Changer d’assurance auto n’oblige plus à inventer un déménagement. Depuis la loi Hamon, un contrat de plus d’un an se résilie quand vous voulez, sans motif à fournir et sans le moindre euro de pénalité. Voici les cas où ce droit s’applique, la marche à suivre, et ce qui reste possible avant la première échéance.

Peut-on résilier son assurance auto sans justificatif ?

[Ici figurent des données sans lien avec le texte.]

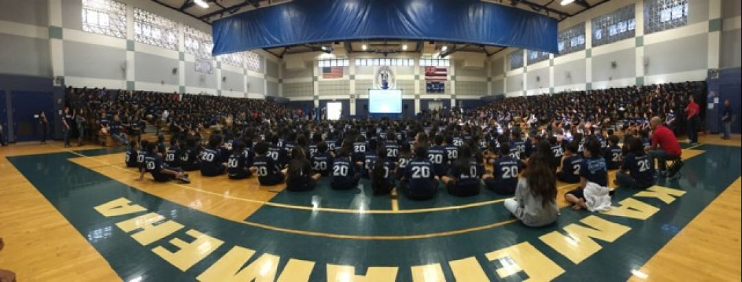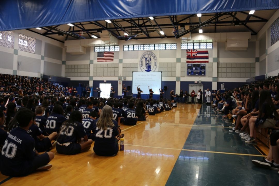 The entire student body got together in Kahekili Gymnasium for an all-campus chapel to start the day.

Oui, et c’est même devenu la règle. Deux situations ouvrent ce droit, et elles couvrent la quasi-totalité des demandes.

  • Votre contrat a plus de douze mois : la loi Hamon vous laisse partir à tout moment, sans motif ni frais.
  • Votre contrat arrive à son échéance annuelle : vous résiliez avec un préavis de deux mois, là encore sans avoir à vous expliquer.

En dehors de ces deux cas, c’est-à-dire pendant la première année et hors période d’échéance, un motif reste nécessaire. Il est alors encadré par le code des assurances, et je détaille plus bas la liste exacte de ce qui est admis.

Une précision qui évite bien des ennuis : l’assurance automobile est obligatoire. Ne résiliez jamais avant d’avoir souscrit ailleurs. Rouler sans couverture expose à une amende de 3 750 euros, à la confiscation du véhicule et à une suspension du permis.

Contrat d’assurance examiné à la loupe
Relisez vos conditions particulières avant d’en avoir besoin : préavis et date d’échéance y figurent.

La loi Hamon, résilier à tout moment après un an

Entrée en vigueur en 2015, cette disposition a mis fin à la reconduction tacite subie. Elle s’applique à l’assurance auto, moto, habitation et aux complémentaires affinitaires.

Qui peut en bénéficier ?

Tout assuré dont le contrat a dépassé sa première année de vie. Le point de départ est la date de première souscription, pas la date du dernier renouvellement. Un contrat souscrit il y a quatre années et reconduit chaque fois remplit évidemment la condition.

Aucun motif n’est demandé, aucune pièce n’est à joindre, et l’assureur ne peut pas refuser. Il ne peut pas davantage facturer de frais de dossier : la gratuité est expressément prévue par le texte.

Comment cela se passe-t-il concrètement ?

Le point le plus commode est que vous n’avez presque rien à faire. Pour une assurance obligatoire comme l’auto, c’est le nouvel assureur qui prend en charge la démarche.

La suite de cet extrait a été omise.